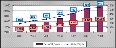 Bankacılık alanında şube ve sektördeki personel sayısı dikkat edilmesi gereken göstergelerden biridir. Katılım Bankalarının şube ve personel verileri grafik 8’de ele alınmıştır. 2003-2009 yılları arasında katılım bankalarına ait şube sayısı % 298, personel sayısı ise % 335 oranında artış göstermiştir. Katılım bankaları, 2009 yılı sonunda 560 şube ve 11.802 personel ile faaliyet göstermektedir.
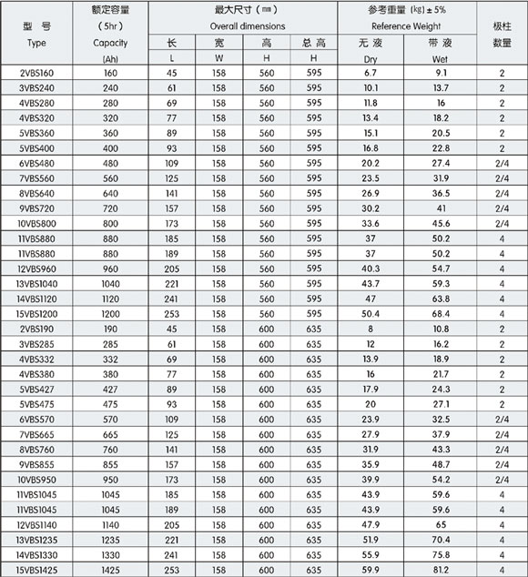 主要用途:為替代進口,本公司研制了符合英國BS標準要求的VBS系列牽引用鉛酸蓄電池,為國內進口電動叉車和電動牽引車配套,也可用于其他電動牽引車輛,本產口還可用于出口。
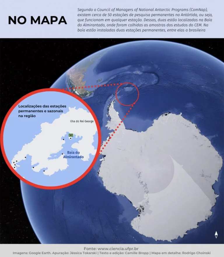 Cientistas do Centro de Estudos do Mar da UFPR, Universidade Federal do Paraná, revelam o impacto da atividade humana na região da Baía do Almirantado (onde o Brasil e mais alguns países têm suas bases), uma das mais movimentadas do continente antártico.

*Task to carry out*:
Restate only the lines running from the start of the material above through the line containing "主要用途:為替代進口,本公司", ends included. No pictures.

*Response*:
 Bankacılık alanında şube ve sektördeki personel sayısı dikkat edilmesi gereken göstergelerden biridir. Katılım Bankalarının şube ve personel verileri grafik 8’de ele alınmıştır. 2003-2009 yılları arasında katılım bankalarına ait şube sayısı % 298, personel sayısı ise % 335 oranında artış göstermiştir. Katılım bankaları, 2009 yılı sonunda 560 şube ve 11.802 personel ile faaliyet göstermektedir.
 主要用途:為替代進口,本公司研制了符合英國BS標準要求的VBS系列牽引用鉛酸蓄電池,為國內進口電動叉車和電動牽引車配套,也可用于其他電動牽引車輛,本產口還可用于出口。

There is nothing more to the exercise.